Inclusion Criteria:

          1. Signed informed consent before initiation of any study procedures.

          2. Women with histologically or cytologically confirmed breast cancer with evidence of
             metastatic or locally advanced disease not amenable to any local therapy with curative
             intent.

          3. Measurable disease as defined by RECIST version 1.1 by radiologic methods on or after
             the most recent line of therapy. For Cohort 2 patients with bone-only disease are
             eligible even in absence of measurable disease and must have lytic or mixed lesions.
             For Cohort 2, imaging must be available for central review.

          4. Eastern Cooperative Oncology Group performance status of 0 or 1.

          5. Life expectancy of ≥ 12 weeks, as per investigator.

          6. Left ventricular ejection fraction ≥ 50% by echocardiogram or multiple gated
             acquisition scan.

          7. Adequate organ function

        Exclusion Criteria:

          1. Central nervous system metastases that are untreated or symptomatic, or require
             radiation, surgery, or continued steroid therapy to control symptoms within 14 days of
             study entry.

          2. Known leptomeningeal involvement.

          3. Advanced/metastatic, symptomatic, visceral spread, with a risk of life-threatening
             complications in the short term.

          4. Participation in another interventional clinical trial or treatment with any
             investigational drug within 4 weeks prior to study entry.

          5. Any systemic anticancer therapy within 3 weeks of the first dose of study treatment.
             For cytotoxic agents that have major delayed toxicity a washout period of 6 weeks is
             required. For patients in Cohort 2, this does not apply to the most recently received
             hormone therapy.

          6. Major surgery or radiotherapy within 3 weeks of the first dose of study treatment.
             Patients who received prior radiotherapy to ≥ 25% of bone marrow are not eligible,
             irrespective of when it was received.

          7. Persistent grade > 1 clinically significant toxicities related to prior antineoplastic
             therapies (except for alopecia); stable sensory neuropathy ≤ grade 1 NCI-CTCAE v. 4.03
             is allowed.

          8. History of hypersensitivity reaction or any toxicity attributed to trastuzumab or
             murine proteins that warranted permanent cessation of these agents (applicable for
             Cohort 1 only).

          9. Previous exposure to vinorelbine (applicable for Cohort 1 triplet combination only)
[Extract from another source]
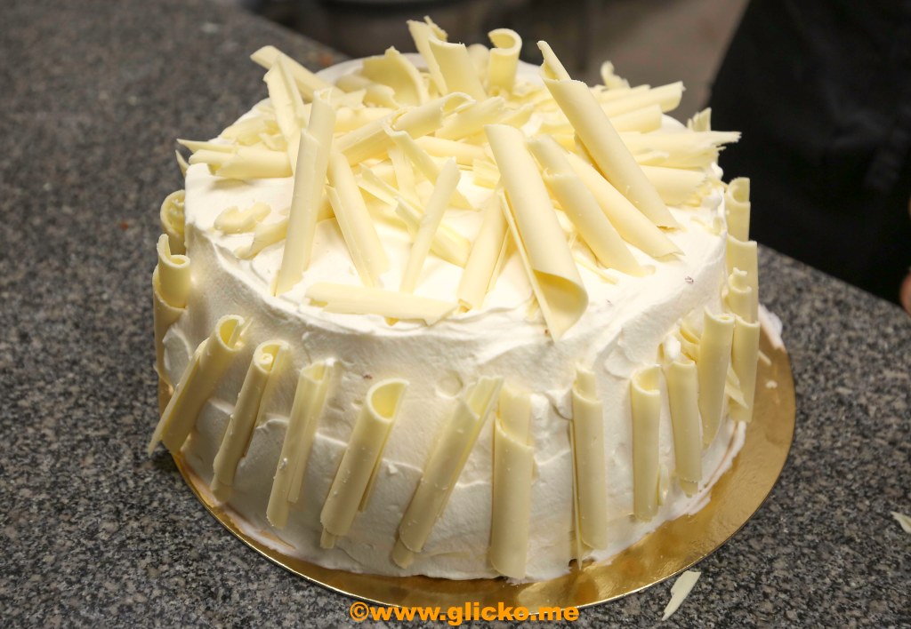 Till sist så garnerar han med chokladpennorna han gjorde tidigare. Snövitstårtan blir så vacker och jag kan berätta att den blev magiskt god.

         10. Exposure to specific cumulative anthracycline doses

         11. Chronic use of high-dose oral corticosteroid therapy .

         12. Uncontrolled hypertension or unstable angina.

         13. History of congestive heart failure of Class II-IV New York Heart Association (NYHA)
             criteria, or serious cardiac arrhythmia requiring treatment (except atrial
             fibrillation, paroxysmal supraventricular tachycardia).

         14. History of myocardial infarction within 6 months of study entry.

         15. History of prior or concomitant malignancies (other than excised non-melanoma skin
             cancer or cured in situ cervical carcinoma) within 3 years of study entry.

         16. Current dyspnea at rest of any origin, or other diseases requiring continuous oxygen
             therapy.

         17. Current serious illness or medical conditions including, but not limited to
             uncontrolled active infection, clinically significant pulmonary, metabolic or
             psychiatric disorders.

         18. Known HIV, HBV, or HCV infection.

         19. Pregnant or lactating women; women of childbearing potential must use effective
             contraception methods prior to study entry, for the duration of study participation,
             and for 6 months after the last dose of MCLA-128.